Welcome to GVI Fiji's Community Development Programme blog. Here you can keep up to date with our projects in Fiji.

Monday, November 4, 2013

My Stay in Vuaki Village

After a boat trip, we arrived on the beach of Vuaki at about 3 pm. We, the Construction Team, were invited to stay in the village for one night. We walked the path from the beach into the village arrived directly at Bill’s house. That’s the house where I stayed.

I brought my backpack into the room Bill and his wife sat aside for me. In my room was a bed with a thick mattress. Pretty cool! In the living room the GVI volunteers and staff snacked on some cookies and enjoyed a nice talk with Bill’s wife, children (Simone – two years, Napoleon – six months) and some relatives before we went for seeing how the men built a bure (traditional Fijian home) with traditional tools like sticks and stones.

At about 5:45 pm the main point of the evening started.

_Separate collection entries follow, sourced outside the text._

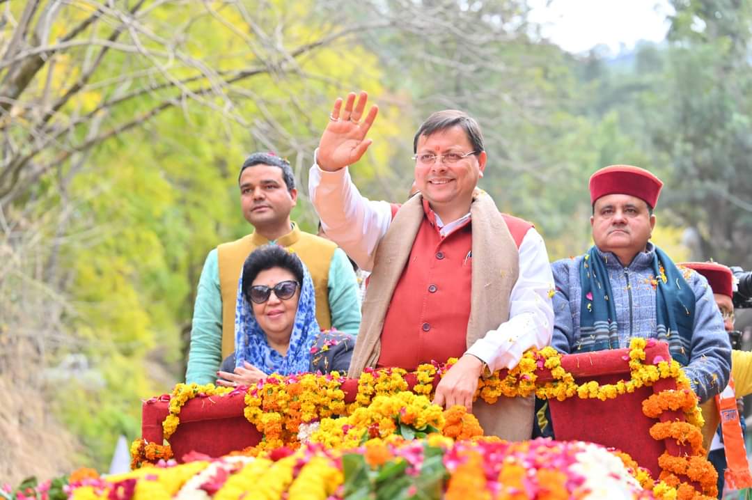 उत्तरकाशी : मुख्यमंत्री पुष्कर सिंह धामी ने मंगलवार को बड़कोट, उत्तरकाशी में मुख्य बाजार, बड़कोट से रामलीला मैदान तक आयोजित रोड शो में प्रतिभाग किया। इस दौरान हजारों की संख्या में मौजूद महिलाओं, क्षेत्रीय जनता ने मुख्यमंत्री का पुष्प वर्षा कर स्वागत किया। रंवाई क्षेत्र की जनता के भव्य स्वागत से मुख्यमंत्री अभिभूत नज़र आए। मुख्यमंत्री ने भी लोगों पर पुष्प वर्षा कर उनका अभिनंदन किया।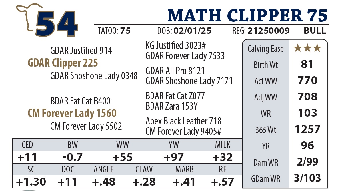 | MATH CLIPPER 75 | 54Y | YEARLING BULL | |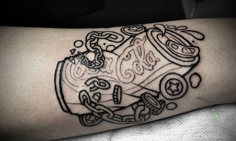 当前位置: 首页 >浙江省宁波市纹身店-程迷刺青纹身图案>易拉罐可口可乐纹身图片_手臂手部New School易拉罐纹身图案
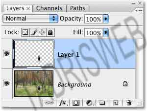 برای کپی کردن این لایه هم از همان تکنیک Ctrl+J استفاده کنید. لایه کپی بکگراند در بین لایه بکگراند و لایه Layer 1قرار خواهد گرفت: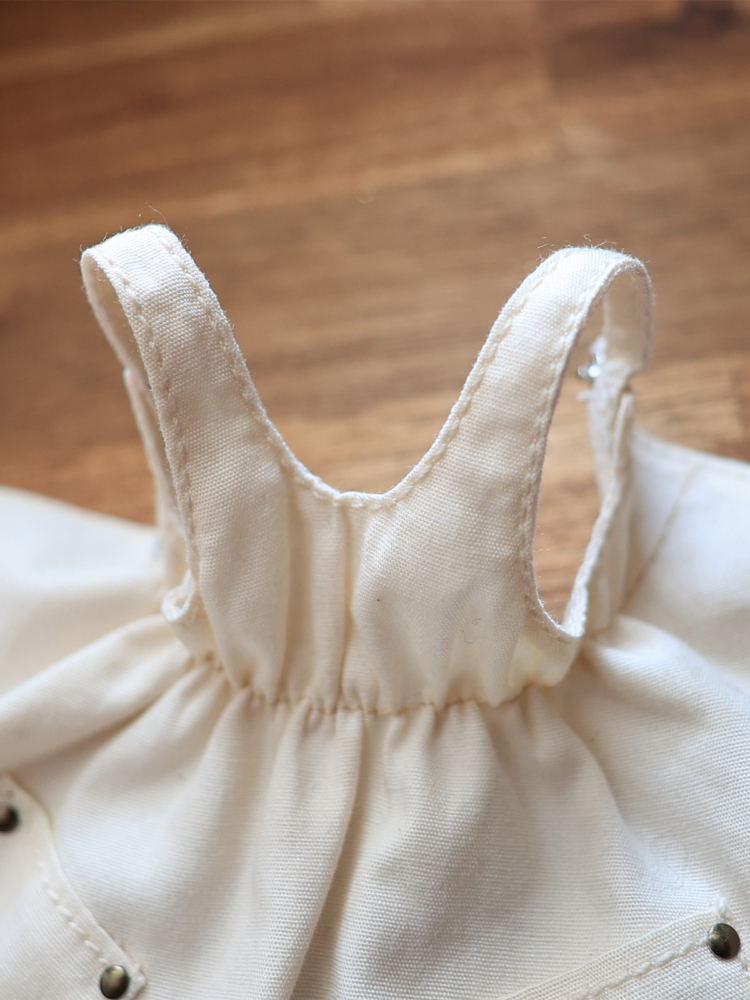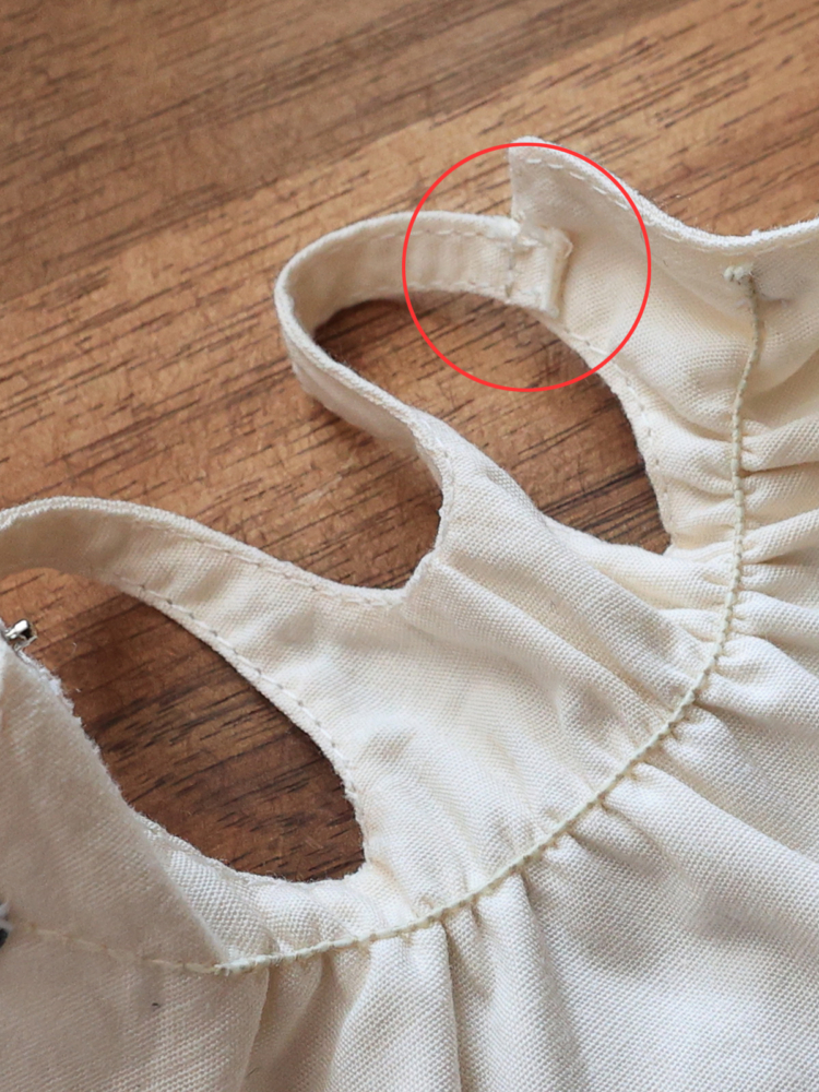 肩フリルも結局は裏返したあとに解き、フリルを挟んで縫うしか無いだろうね。胸当てと肩紐を分離するならやりようがあるけど、肩紐一体なのが個性だったりするしなぁ。あるいは総裏にしないか。でもそれはそれで負けた気がする(。-ω-)
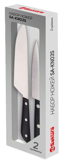 Набор ножей нерж. 2шт (поварской, универсальный), клепаные пласт. ручки "Sakura"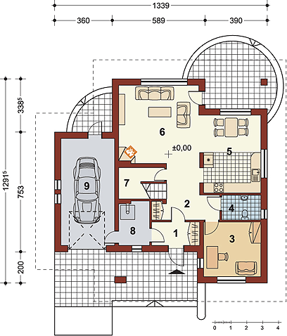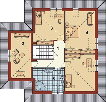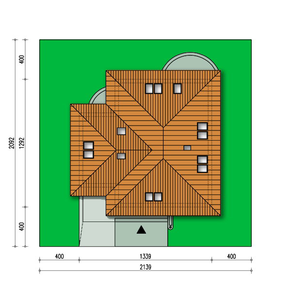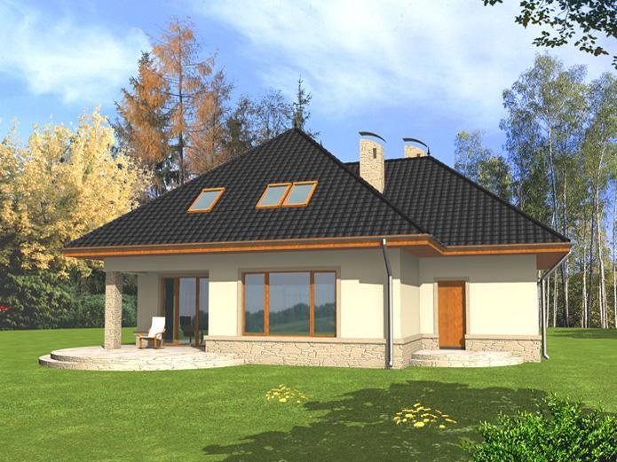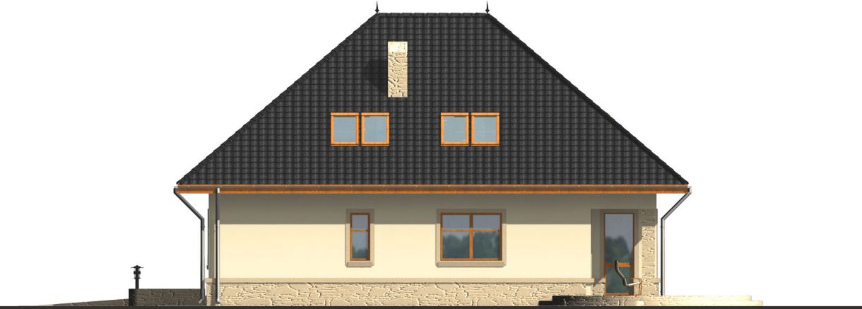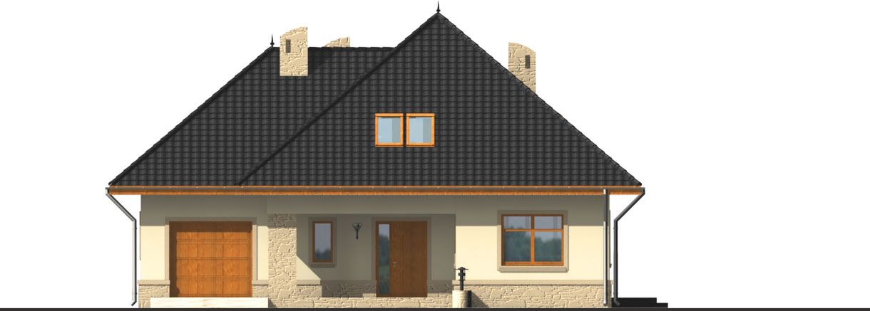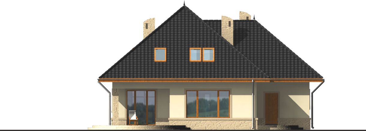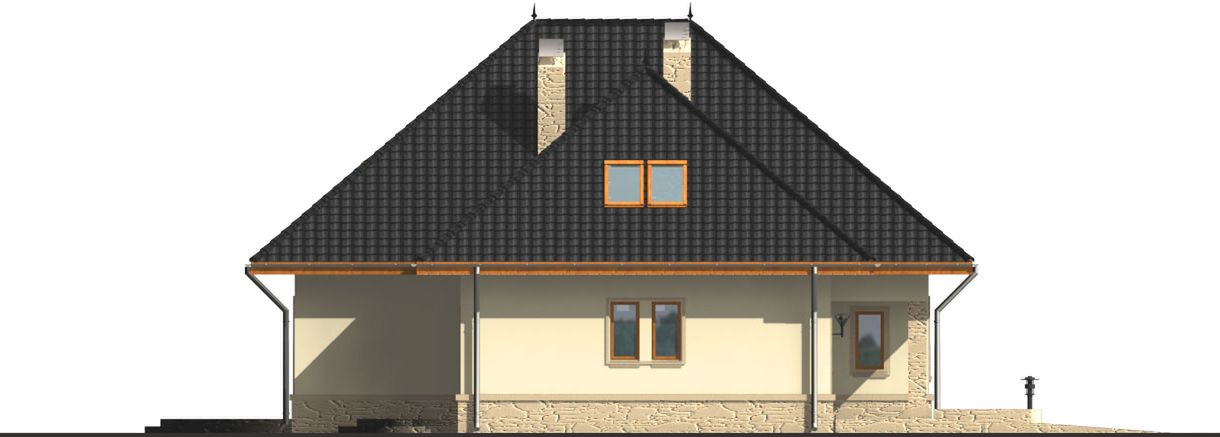 Graficzne opracowanie rzutów poglądowych widocznych na karcie projektu zostało wykonane przez Extradom.pl. Prezentowane przez Extradom.pl wizualizacje wykonane zostały przez autora projektu i należy poczytywać je jedynie za przykład i propozycję wykończenia, wizję architektoniczną autora projektu. Ostateczne wykończenie budynku może nastąpić na wiele sposobów. Szczegółowe rozwiązania zastosowane w oferowanej dokumentacji - w tym również ilość, lokalizacje i wygląd okien, drzwi, kominów - mogą w niewielkim stopniu różnić się od prezentowanej wizualizacji budynku.

We went along another path to another village. There was a big celebration. After a thirty-minute walk through the woods, we arrived in Long Beach. The women cooked while men pounded kava. I tried to help pound kava. To do this, you take your hand around an iron stick and push the stick with a lot of power onto the kava root while it is an iron container. I did it only about three times, but I did it. :)

When the food was ready to eat, we took a seat in a new-but-not-completely-set-up house. The sitting area was 5-6 meters long. There were tablecloths (on the floor) and on it the plates. Just plates, no cutlery. I liked it. :) People sat on both sides on the tablecloths. And then it came, the part I looked forward to most (the food)! Yeah!! There was octopus, fish, crabs, pork, sticks with small chillies. It was delicious. Maybe it was the best fish I’ve ever eaten. After four plates, I washed my hands in a small bowl with water, left the food house, and entered a traditional cottage.

This place had a special atmosphere for me. Inside were three women. The wood and leaf walls were decorated with materials. In the middle of the women stood an oil lamp that gave just enough light to see, not too much and not too little, just enough to create a great atmosphere. During one or two mugs of black tea we had nice talks. It was a pretty good moment. At about 10pm we went back along the path with the same children and torches. I slept well.

For breakfast I had freshly baked coconut cake which gave my stay a nice end. The people in Vuaki are very friendly. They laugh a lot and make you feel like they love to have you in their home. They are also very good cooks. My stay was traditional. Thank you for the great experience.